Thanks for the help gentlemen, I'll get the serial number as soon as I can.


----------



## Divinehippie (Sep 29, 2012)

darren said:


> That's probably a "Custom Made" plaque at the 24th fret, which was a fairly common (and stupid) thing Ibanez did on a lot of their mid- to higher-end production models in the mid-90s.
> 
> The bolt-on neck and oiled mahogany body have me believing it's a SR506.


 
beat me to it, that wa going to be my guess based (lol punny) off the pic. so i guess that's 2 votes sr506 xD


----------



## punisher911 (Sep 29, 2012)

But the Sr500s have a "redder" color to the wood, Bartolini pickups, and 3 eq knobs. Not 2 dual stack knobs. Unless much older models looked like this one, then I could be wrong.


----------



## Swyse (Sep 29, 2012)

98 sr1016 maybe?


----------



## iRaiseTheDead (Sep 29, 2012)

sexy bass sexy bass sexy bass sexy bass


----------



## MythicSquirrel (Sep 29, 2012)

Serial number: F9700537

So it's MIJ


----------



## Swyse (Sep 29, 2012)

Serial puts it at a 1997. this is a page of the 1997 catalog for basses.
http://www.ibanez.co.jp/anniversary/225/17.jpg
(Didn't embed it because its gigantic.)


----------



## MythicSquirrel (Sep 29, 2012)

Swyse said:


> Serial puts it at a 1997. this is a page of the 1997 catalog for basses.
> http://www.ibanez.co.jp/anniversary/225/17.jpg
> (Didn't embed it because its gigantic.)

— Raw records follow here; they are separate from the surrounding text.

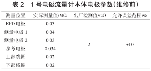 對測(cè)量傳感器(qi)本體絕緣(yuan)情況進行(háng)檢查,觀測(cè)絕緣阻值(zhi)是否正常(chang)、電極是否(fou)鏽蝕、線圈(quan)是否鏽斷(duan)。1号電.磁流(liu)量計本體(tǐ)電極參數(shu)見表2。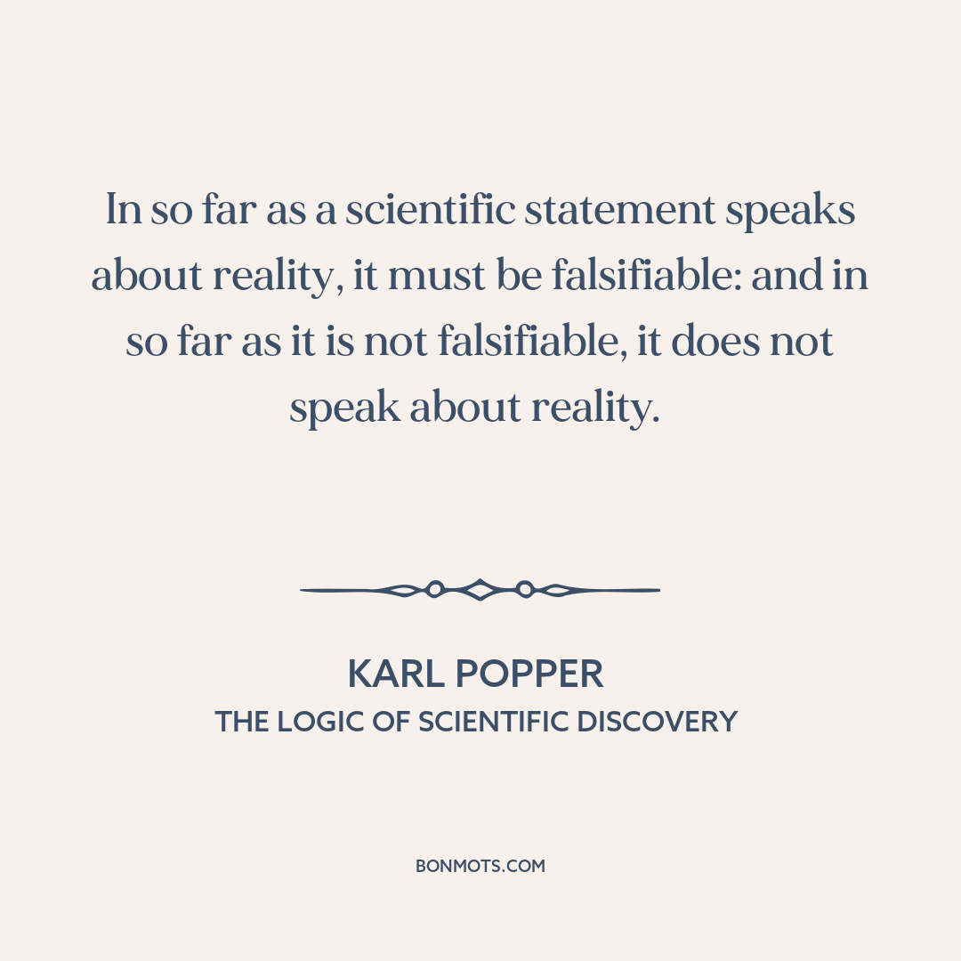 In so far as a scientific statement speaks about reality, it must be falsifiable: and in so far as it is not falsifiable, it does not speak about reality.
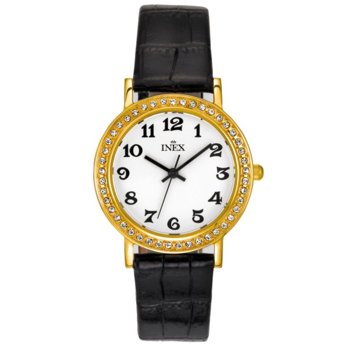 INEX krystal dameur- double med læderrem, Ø 32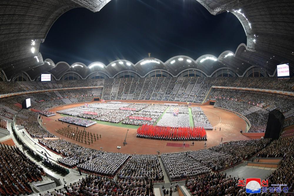 Al celebrado en el capitalino Estadio Primero de Mayo, uno de los mayores del mundo, asistieron más de 100 mil trabajadores, jóvenes y estudiantes, así como miembros del cuerpo diplomático y un grupo de coreanos residentes en ultramar que visitan la tierra natal.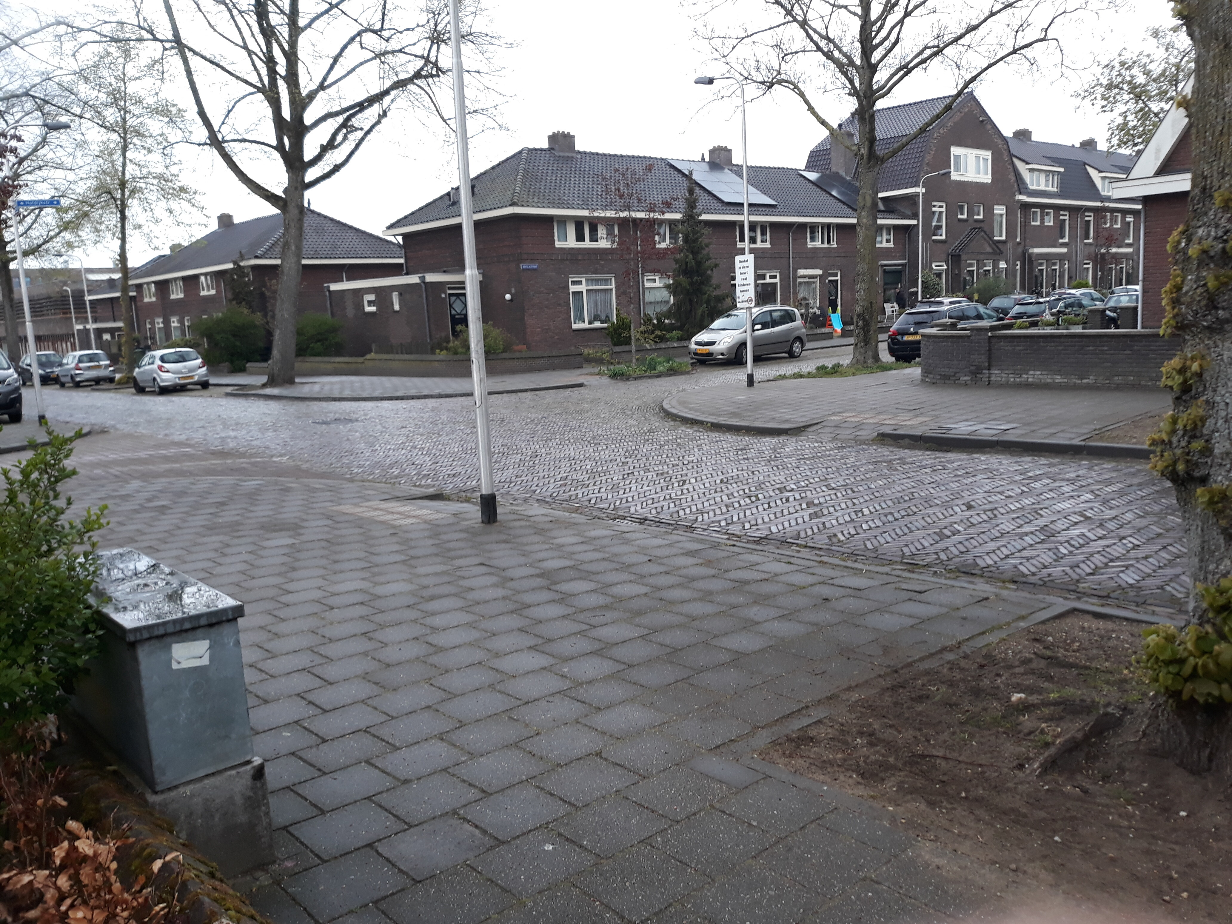 nogal stenig kruispunt/hoek, kan wel wat minder plaveisel gebruiken. ook goed voor regenwater infiltratie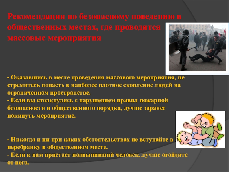 Слайд 8Рекомендации по безопасному поведению в общественных местах, где проводятся массовые мероприятия -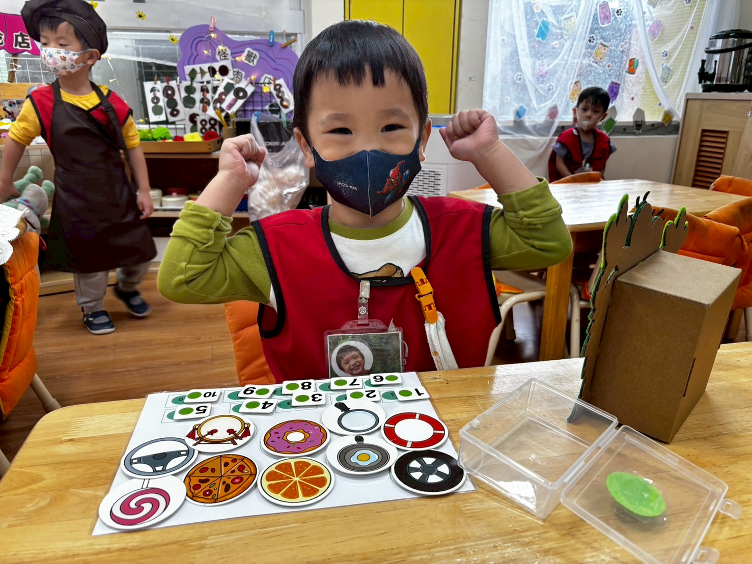 孩子透過把彩色怪獸的顏色做成烤肉串,在操作的過程中學習數數與認識數量,並能將不同顏色組合起來,設計成套餐,練習分類與配對。延伸到麵店遊戲時,孩子能透過點餐、出餐的互動,表達自己的需求,並體驗角色扮演的樂趣。也延續麵店的遊戲,孩子們可以自由搭配套餐,練習表達需求與角色互動,在遊戲中自然體驗數量概念與生活語言。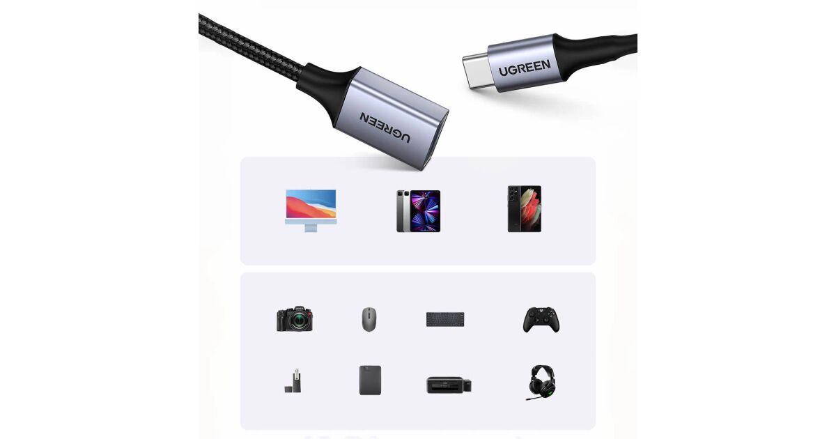 Adapter USB Ugreen US378 USB-C - USB Szary (UGR1090GRY) opis

Thanks for that! Pretty certain it's the SR1016SOL, as you said in an earlier post.


----------



## iron blast (Sep 30, 2012)

I don't feel this bass is worth as much as your friend payed sadly. Japaneses made or not $500 seems a more appropriate price point Imho.


----------



## MatrixClaw (Oct 1, 2012)

Looks like my SR500, probably sounds better, but I dunno about that price...


----------



## MythicSquirrel (Oct 1, 2012)

iron blast said:


> I don't feel this bass is worth as much as your friend payed sadly. Japaneses made or not $500 seems a more appropriate price point Imho.



Yeah, that's what I was thinking. One on eBay went for $450.


----------